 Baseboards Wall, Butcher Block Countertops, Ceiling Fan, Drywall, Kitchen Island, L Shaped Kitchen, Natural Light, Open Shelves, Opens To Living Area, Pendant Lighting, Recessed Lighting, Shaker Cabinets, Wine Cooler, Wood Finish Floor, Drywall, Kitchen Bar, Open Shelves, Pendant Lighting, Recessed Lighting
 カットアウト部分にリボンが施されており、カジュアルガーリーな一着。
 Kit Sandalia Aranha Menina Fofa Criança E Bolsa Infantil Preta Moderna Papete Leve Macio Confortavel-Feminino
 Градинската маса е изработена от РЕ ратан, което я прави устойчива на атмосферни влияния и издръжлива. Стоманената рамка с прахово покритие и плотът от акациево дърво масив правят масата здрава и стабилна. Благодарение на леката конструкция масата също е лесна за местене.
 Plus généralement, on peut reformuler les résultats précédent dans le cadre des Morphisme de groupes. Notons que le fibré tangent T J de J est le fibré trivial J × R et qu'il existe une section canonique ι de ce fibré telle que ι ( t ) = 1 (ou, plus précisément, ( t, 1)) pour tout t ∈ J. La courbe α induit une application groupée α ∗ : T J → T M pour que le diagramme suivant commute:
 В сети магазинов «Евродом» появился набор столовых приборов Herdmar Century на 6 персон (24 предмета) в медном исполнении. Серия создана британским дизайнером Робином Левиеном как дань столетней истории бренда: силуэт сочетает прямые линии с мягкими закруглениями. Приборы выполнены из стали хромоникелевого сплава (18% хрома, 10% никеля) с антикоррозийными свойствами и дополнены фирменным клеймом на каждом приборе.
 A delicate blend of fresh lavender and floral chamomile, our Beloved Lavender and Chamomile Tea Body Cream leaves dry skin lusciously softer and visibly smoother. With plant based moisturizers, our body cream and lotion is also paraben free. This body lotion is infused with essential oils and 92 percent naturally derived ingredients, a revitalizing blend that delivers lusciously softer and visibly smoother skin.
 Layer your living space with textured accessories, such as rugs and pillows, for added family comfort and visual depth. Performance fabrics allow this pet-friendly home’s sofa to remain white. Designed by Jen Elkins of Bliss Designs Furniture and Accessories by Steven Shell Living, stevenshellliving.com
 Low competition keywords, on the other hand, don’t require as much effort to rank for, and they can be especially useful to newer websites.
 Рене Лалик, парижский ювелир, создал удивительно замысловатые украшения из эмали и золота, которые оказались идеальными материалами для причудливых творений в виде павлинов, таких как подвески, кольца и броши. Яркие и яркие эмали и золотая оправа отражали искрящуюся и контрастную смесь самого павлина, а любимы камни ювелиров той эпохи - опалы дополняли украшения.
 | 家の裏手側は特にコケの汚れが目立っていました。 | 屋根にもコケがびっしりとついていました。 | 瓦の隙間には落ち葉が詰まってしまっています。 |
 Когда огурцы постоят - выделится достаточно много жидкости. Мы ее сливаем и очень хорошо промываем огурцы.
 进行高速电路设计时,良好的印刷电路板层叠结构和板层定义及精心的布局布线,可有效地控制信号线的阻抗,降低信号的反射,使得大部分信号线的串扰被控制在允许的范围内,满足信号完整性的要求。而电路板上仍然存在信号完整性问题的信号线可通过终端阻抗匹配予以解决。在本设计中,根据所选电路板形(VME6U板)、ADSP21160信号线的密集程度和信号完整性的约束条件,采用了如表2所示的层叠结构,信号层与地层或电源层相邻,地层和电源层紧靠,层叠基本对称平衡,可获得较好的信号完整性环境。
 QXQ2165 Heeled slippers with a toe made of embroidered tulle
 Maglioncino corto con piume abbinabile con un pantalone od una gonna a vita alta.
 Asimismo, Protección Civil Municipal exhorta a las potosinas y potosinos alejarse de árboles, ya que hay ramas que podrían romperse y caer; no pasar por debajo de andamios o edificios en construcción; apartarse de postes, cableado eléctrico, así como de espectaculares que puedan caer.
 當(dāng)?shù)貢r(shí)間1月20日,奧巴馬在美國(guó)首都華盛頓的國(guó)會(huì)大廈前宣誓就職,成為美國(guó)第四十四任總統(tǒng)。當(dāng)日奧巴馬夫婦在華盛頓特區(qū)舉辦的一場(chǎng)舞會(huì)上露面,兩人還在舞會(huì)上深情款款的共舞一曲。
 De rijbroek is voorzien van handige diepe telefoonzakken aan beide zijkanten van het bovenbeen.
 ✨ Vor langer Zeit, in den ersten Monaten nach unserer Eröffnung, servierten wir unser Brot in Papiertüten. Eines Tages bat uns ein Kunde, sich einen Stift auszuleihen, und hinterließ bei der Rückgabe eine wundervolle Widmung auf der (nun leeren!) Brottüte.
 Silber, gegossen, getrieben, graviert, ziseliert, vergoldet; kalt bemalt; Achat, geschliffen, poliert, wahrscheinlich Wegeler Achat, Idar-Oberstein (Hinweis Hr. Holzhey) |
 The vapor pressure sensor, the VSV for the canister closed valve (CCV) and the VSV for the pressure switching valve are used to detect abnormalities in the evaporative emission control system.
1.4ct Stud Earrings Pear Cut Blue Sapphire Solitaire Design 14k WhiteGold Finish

TASK STATEMENT:
Return the entries in full. Do not alter them.

EXERCISE RESPONSE:
 Baseboards Wall, Butcher Block Countertops, Ceiling Fan, Drywall, Kitchen Island, L Shaped Kitchen, Natural Light, Open Shelves, Opens To Living Area, Pendant Lighting, Recessed Lighting, Shaker Cabinets, Wine Cooler, Wood Finish Floor, Drywall, Kitchen Bar, Open Shelves, Pendant Lighting, Recessed Lighting
 カットアウト部分にリボンが施されており、カジュアルガーリーな一着。
 Kit Sandalia Aranha Menina Fofa Criança E Bolsa Infantil Preta Moderna Papete Leve Macio Confortavel-Feminino
 Градинската маса е изработена от РЕ ратан, което я прави устойчива на атмосферни влияния и издръжлива. Стоманената рамка с прахово покритие и плотът от акациево дърво масив правят масата здрава и стабилна. Благодарение на леката конструкция масата също е лесна за местене.
 Plus généralement, on peut reformuler les résultats précédent dans le cadre des Morphisme de groupes. Notons que le fibré tangent T J de J est le fibré trivial J × R et qu'il existe une section canonique ι de ce fibré telle que ι ( t ) = 1 (ou, plus précisément, ( t, 1)) pour tout t ∈ J. La courbe α induit une application groupée α ∗ : T J → T M pour que le diagramme suivant commute:
 В сети магазинов «Евродом» появился набор столовых приборов Herdmar Century на 6 персон (24 предмета) в медном исполнении. Серия создана британским дизайнером Робином Левиеном как дань столетней истории бренда: силуэт сочетает прямые линии с мягкими закруглениями. Приборы выполнены из стали хромоникелевого сплава (18% хрома, 10% никеля) с антикоррозийными свойствами и дополнены фирменным клеймом на каждом приборе.
 A delicate blend of fresh lavender and floral chamomile, our Beloved Lavender and Chamomile Tea Body Cream leaves dry skin lusciously softer and visibly smoother. With plant based moisturizers, our body cream and lotion is also paraben free. This body lotion is infused with essential oils and 92 percent naturally derived ingredients, a revitalizing blend that delivers lusciously softer and visibly smoother skin.
 Layer your living space with textured accessories, such as rugs and pillows, for added family comfort and visual depth. Performance fabrics allow this pet-friendly home’s sofa to remain white. Designed by Jen Elkins of Bliss Designs Furniture and Accessories by Steven Shell Living, stevenshellliving.com
 Low competition keywords, on the other hand, don’t require as much effort to rank for, and they can be especially useful to newer websites.
 Рене Лалик, парижский ювелир, создал удивительно замысловатые украшения из эмали и золота, которые оказались идеальными материалами для причудливых творений в виде павлинов, таких как подвески, кольца и броши. Яркие и яркие эмали и золотая оправа отражали искрящуюся и контрастную смесь самого павлина, а любимы камни ювелиров той эпохи - опалы дополняли украшения.
 | 家の裏手側は特にコケの汚れが目立っていました。 | 屋根にもコケがびっしりとついていました。 | 瓦の隙間には落ち葉が詰まってしまっています。 |
 Когда огурцы постоят - выделится достаточно много жидкости. Мы ее сливаем и очень хорошо промываем огурцы.
 进行高速电路设计时,良好的印刷电路板层叠结构和板层定义及精心的布局布线,可有效地控制信号线的阻抗,降低信号的反射,使得大部分信号线的串扰被控制在允许的范围内,满足信号完整性的要求。而电路板上仍然存在信号完整性问题的信号线可通过终端阻抗匹配予以解决。在本设计中,根据所选电路板形(VME6U板)、ADSP21160信号线的密集程度和信号完整性的约束条件,采用了如表2所示的层叠结构,信号层与地层或电源层相邻,地层和电源层紧靠,层叠基本对称平衡,可获得较好的信号完整性环境。
 QXQ2165 Heeled slippers with a toe made of embroidered tulle
 Maglioncino corto con piume abbinabile con un pantalone od una gonna a vita alta.
 Asimismo, Protección Civil Municipal exhorta a las potosinas y potosinos alejarse de árboles, ya que hay ramas que podrían romperse y caer; no pasar por debajo de andamios o edificios en construcción; apartarse de postes, cableado eléctrico, así como de espectaculares que puedan caer.
 當(dāng)?shù)貢r(shí)間1月20日,奧巴馬在美國(guó)首都華盛頓的國(guó)會(huì)大廈前宣誓就職,成為美國(guó)第四十四任總統(tǒng)。當(dāng)日奧巴馬夫婦在華盛頓特區(qū)舉辦的一場(chǎng)舞會(huì)上露面,兩人還在舞會(huì)上深情款款的共舞一曲。
 De rijbroek is voorzien van handige diepe telefoonzakken aan beide zijkanten van het bovenbeen.
 ✨ Vor langer Zeit, in den ersten Monaten nach unserer Eröffnung, servierten wir unser Brot in Papiertüten. Eines Tages bat uns ein Kunde, sich einen Stift auszuleihen, und hinterließ bei der Rückgabe eine wundervolle Widmung auf der (nun leeren!) Brottüte.
 Silber, gegossen, getrieben, graviert, ziseliert, vergoldet; kalt bemalt; Achat, geschliffen, poliert, wahrscheinlich Wegeler Achat, Idar-Oberstein (Hinweis Hr. Holzhey) |
 The vapor pressure sensor, the VSV for the canister closed valve (CCV) and the VSV for the pressure switching valve are used to detect abnormalities in the evaporative emission control system.
1.4ct Stud Earrings Pear Cut Blue Sapphire Solitaire Design 14k WhiteGold Finish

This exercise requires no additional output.